Combat Eval Team, 03rd Light Combat Team, Dyson’s Dragoons (Regular/Reliable)

Team Leader:
Name/Rank:  Lt. Leonardo Piretti (3/5)
Vehicle:  Light Combat Biped LCB-1A “Funeral”
Callsign:  Pyre

Team Second:
Name/Rank:  Sgt. Enrico Dominguez. (4/5)
Vehicle:  Light Combat Biped LCB-1A “Domino”
Callsign:  Tycoon

Regulars:
Name/Rank:  Pvt. Andrea Panas (3/6)
Vehicle:  Light Combat Biped LCB-1B “Hurricane”
Callsign:  Storm

Name/Rank:  Pvt. Alfredo Montoya  (4/5)
Vehicle:  Light Skirmish Biped LSB-1A “Epee”
Callsign:  Fence

Name/Rank:  Pvt. Eric de Vries (3/4)
Vehicle:  Light Combat Biped LCB-1C “Point”
Callsign:  Blackout

Combat Eval Pilot:
Name/Rank:  Spc. Adolphos Baum (4/5)
Vehicle:  Light Combat Quad LCQ-1A “Pegasus”
Callsign:  Jester

OpFor Combat Team, 15th Strike Team, O’Connor’s Ospreys (Green/Reliable)

Team Leader:
Name/Rank:  TLd. Duncan MacGuffin (3/5)
Vehicle:  Light Combat Biped LCB-1A “Tower”
Callsign:  Gryphon

Team Second:
Name/Rank:  XO. Adair Cameron (6/6)
Vehicle:  Light Combat Biped LCB-1A “Stiletto”
Callsign: Duke

Regulars:
Name/Rank:  Hsr (5). Dustin McCloud (4/6)
Vehicle:  Light Skirmish Biped LSB-1A “Peregrine”
Callsign:  Zephyr

Name/Rank:  Sct (5). Tavis Cullen (5/5)
Vehicle:  Light Reconnaissance Biped LRB-1A “Hawkeye”
Callsign:  Eagle

Name/Rank:  Sct (5). Arthur McKeon (4/5)
Vehicle:  Light Reconnaissance Biped LRB-1A “Camelot”
Callsign:  Lancer

*     *     *     *     *

Sgt. Enrico “Tycoon” Dominguez carefully stepped out of the small river, along with the rest of the 03rd Light Combat Team, Dyson’s Dragoons.  Wary, hardened eyes scanned the horizon and the heavily wooded terrain before him as the unit trudged on.  Supposedly, there was an enemy combat team out here, but Intel wasn’t exactly known as the most reliable thing to ever exist.  Tycoon noticed the unit’s resident skirmisher (basically a slightly faster combat model to harass enemy mainline units and keep them from getting a breather) was pulling a little wide.  “Hey, Fence, pull it in a little.  You drop off the scope, I’m not coming back for ya.”

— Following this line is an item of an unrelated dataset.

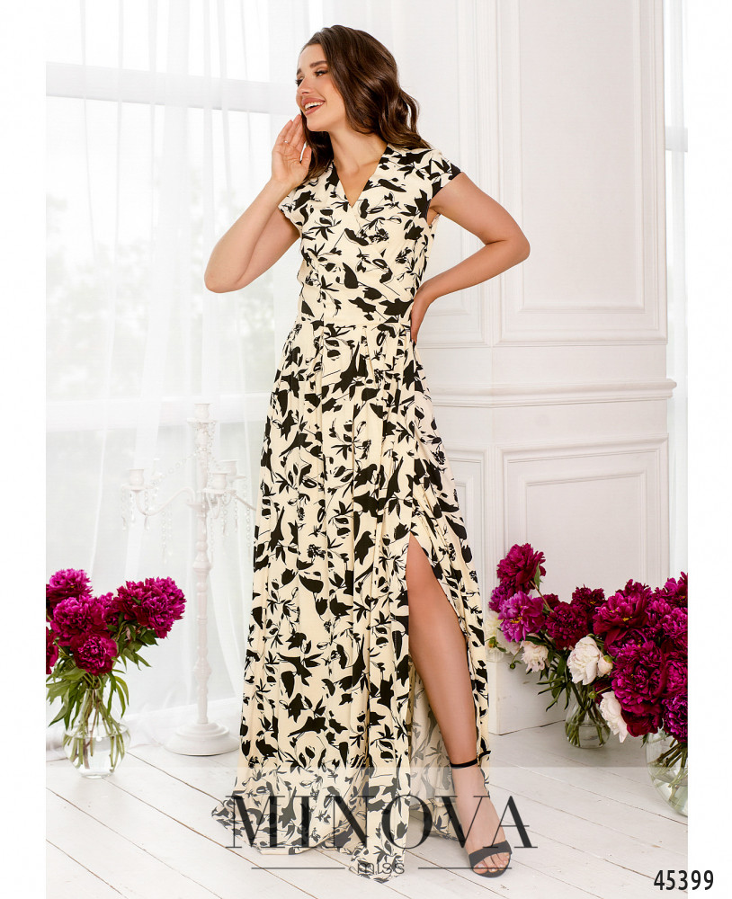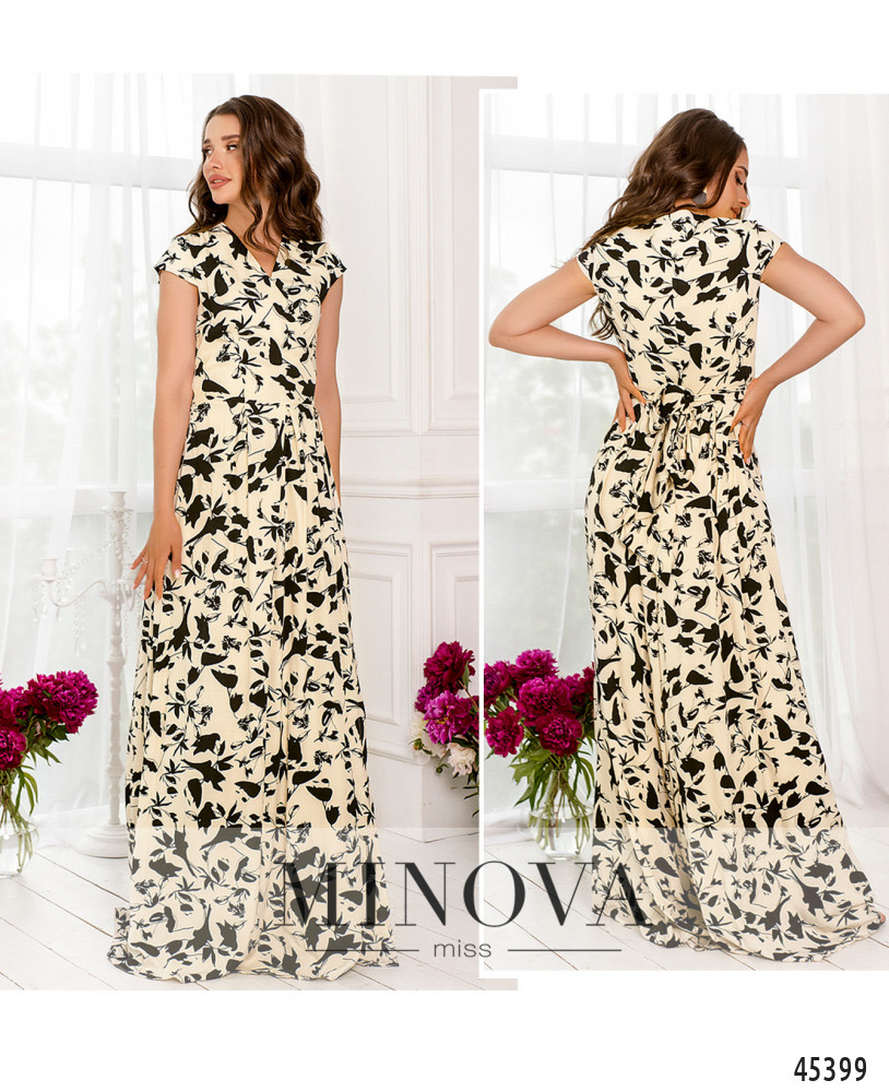 Женственное платье макси на запах с короткими рукавами-крылышками и V-образным вырезом подойдет к любому типу фигуры и сделает ваш силуэт еще более утонченным. Все это благодаря вытачкам спереди и сзади на лифе, а также большим складкам на подоле, делающим его воздушным и легким. В этой модели нет застежек, она фиксируется с помощью вшитого в нее текстильного пояса, который продевается через отверстие и завязывается на талии.

Pvt. Afredo “Fence” Montoya grumbled an affirmative into his mic.  Patrol duty was so boring; nothing ever happened.  And they had to drag around this new quad design until they finished, that was just wonderful.  He was ready to give just about anything to get a taste of com-- “Contact!”  The words sprang almost involuntarily from his throat, he wanted to say that so much.  “Approximately 750 meters south-southeast.  Single contact, fast mover.”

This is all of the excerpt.